Помрачнев, Валентина замолчала, стараясь не глядеть на свекра; старика развезло от стакана водки, но он говорил дело, то, о чем она сама не раз думала, и хотя знала, что свекор за все неурядицы в семье винит именно ее, она сейчас на него не обижалась; старый человек и рассуждает по-старому, забился в свой лес и думает, что в мире на месте все топчется. Мужик не кобель, потянуло на блуд – на дворе на цепи его не удержишь, срам один, сыны по девкам пошли, и он, сивый бугай, как свободная минута, сразу тебе в этот распроклятый Зежск, сотню причин напридумает, а причина-то одна… Когда ж ему к отцу собраться, некогда, ожидает змея подколодная, ластится… и шум-то поднимать – перед сынами сраму не оберешься… Нечего о своих болях и свекру рассказывать, пусть себе как хочет думает.

– Постой, постой, – сказал в это время лесник. – Что-то ты, Валентина, не нравишься мне сегодня… Что там у вас опять стряслось… С Егором что?

– Ничего, батя, правда ничего. – сказала она, опять начиная улыбаться слегка подкрашенными губами. – Егор сегодня в городе, с утра укатил… Все какие-то запчасти на бригаду выколачивает… чего не кататься, машина своя, сам себе и шофер, и механик… Экспедитор… Знатный человек… Чего только не напридумывают мужички, лишь бы от черной работы улизнуть…

– Ну, ну, – не поверил лесник, решая про себя при первой возможности наведаться к Егору в дом; случайно глянул в окно, уже голубевшее от ранних зимних сумерек, заторопился, вспомнил о неотложном деле с валенками для Дениса, и Валентина, явно обрадовавшись перемене разговора, переспросив размер, тотчас и принесла две пары детских валенок на выбор и вначале даже денег не хотела брать, но свекор лишь глянул из-под нависших бровей и положил деньги на столик.

 

– Поздно уже, Валентина, другой раз расскажу, – остановил он любопытствующую невестку. – Жизнь, ее, черта, ни в какую мерку не уложишь… вот и Дениску я не пойму, ему вон еще соску сосать, а он тебе какие кренделя заворачивает… Ладно, ладно, лесом-то ехать верст двадцать, там фонарей не развешано… Кости ночью ломило, опять, жди, завьюжит…

Неодобрительно глядя куда-то поверх головы невестки, отмечая, что она и волосом, и бровями стала вроде бы много темнее, он неожиданно спросил:

– Дурит, значит?

– Ты о чем, батя?
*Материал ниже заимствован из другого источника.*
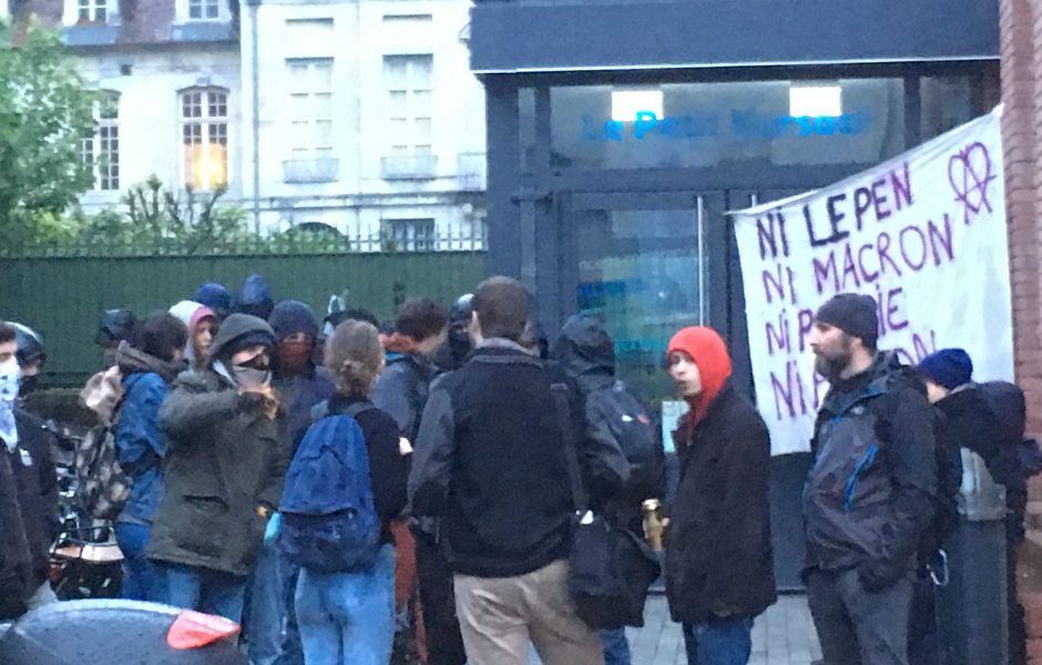 Après l'annonce des résultats de la présidentielle, des anarchistes ont décidé de déambuler dans les rues de Besançon. Surveillés de prés par des policiers sur place, Ils sont partis du Kurssal avant d'emprunter la grande rue en direction de Battant. Deux agences bancaires ont été tagués et deux anticapitalistes ont été interpellés par la police.
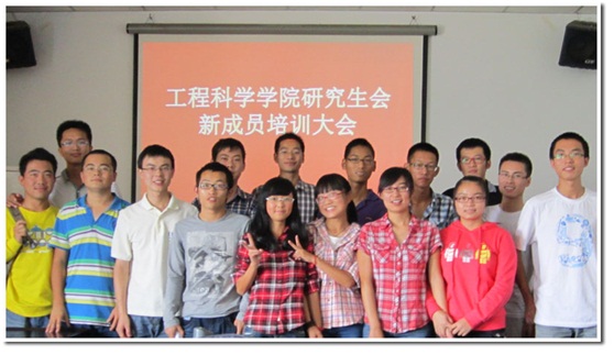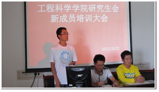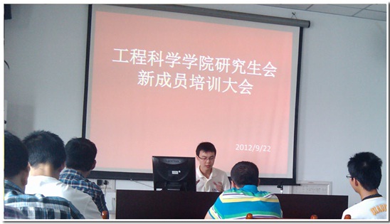 2012年9月22日9时,工程科学学院研究生会在力一楼504多媒体教室举行了2012年秋季新成员培训大会,工程科学学院研究生会主席朱云龙参加并主持了本次培训会议。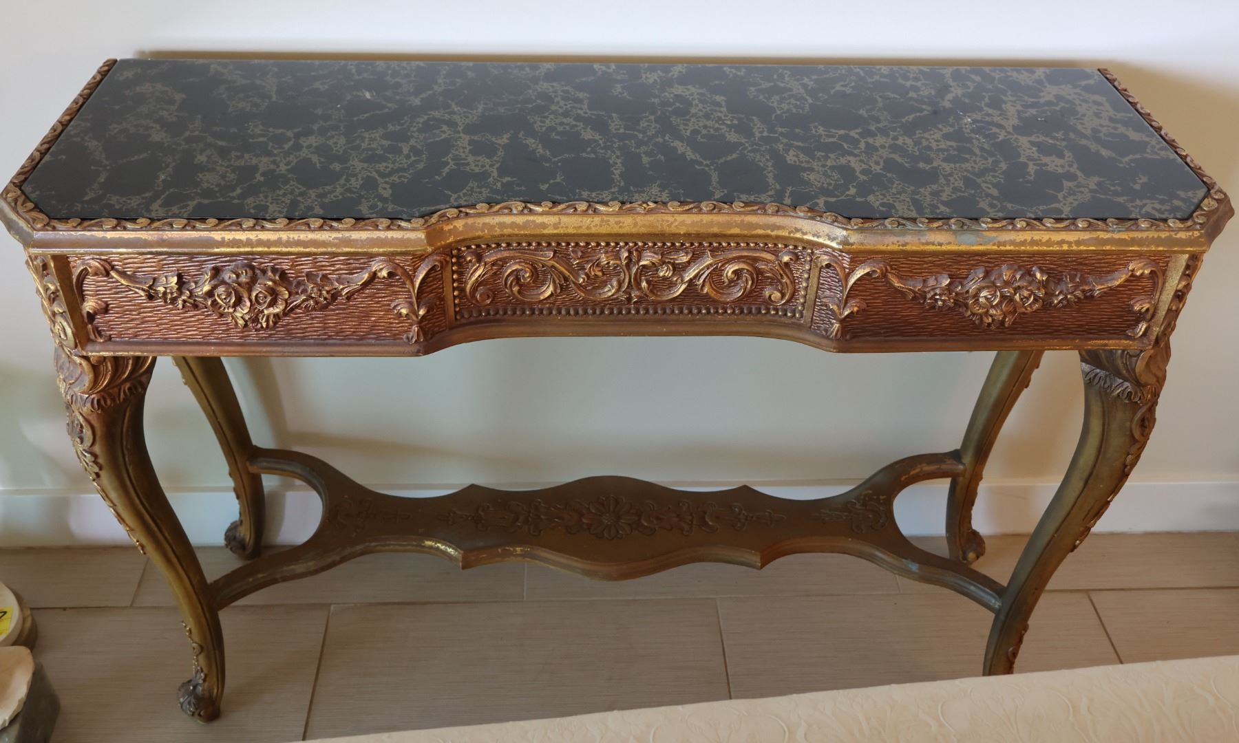 French Rococo-Style Carved & Gilded Wood Console Table w/ Stone Top & Cabriole Legs 14" x 13" x 34"H

Кто дурит? – растерялась она от неожиданности. – Ну ты не думай…

– Ладно, ладно, – остановил ее лесник, поднялся, стал, посапывая, натягивать нагревшийся рядом с печкой жаркий полушубок.

15

В меховой шубе и круглой, торчащей в разные стороны, как сорочье гнездо, пушистой енотовой ушанке, разрумяненная от чистого воздуха и мороза, холодно сосредоточенная, Аленка появилась на кордоне дня через три. Поражений она не терпела и теперь не собиралась отступать; она не стала никого ругать, поздоровалась сразу со всеми, сбросила шубу и ушанку, не сводя глаз с ощетинившегося Дениса, сидевшего за столом, подошла к нему, взъерошила волосы, опустилась рядом и замерла, остро чувствуя свое бессилие и одиночество. От жестоких морозов последних дней на окнах наросла толстая щетина снега, и в доме, несмотря на яркий солнечный день, держался успокаивающий сумрак; она поспела к обеду, Феклуша только разлила дымящиеся щи.

– Ах, малыш, малыш, – сказала она, глядя на внука с некоторым изумлением, точно не решаясь узнать знакомые черты… – Нехорошо ты с нами со всеми поступаешь, мы же тебя все так любим… Хочешь остаться неучем?

– Не надо, чтобы все меня любили, – со свойственной детям жестокой непосредственностью сказал внук, все-таки чувствуя себя виноватым и отводя глаза. – Я не маленький… буду учиться здесь…

– Что? Что? – улыбнулась ему Аленка, стараясь оставаться спокойной и даже несколько ироничной. – Где же ты здесь станешь учиться? У белки в дупле или у медведя в берлоге? Здесь и школы-то нет… Разве тебе плохо у нас? Чем же мы тебя так обидели? Ты что, совсем не любишь меня?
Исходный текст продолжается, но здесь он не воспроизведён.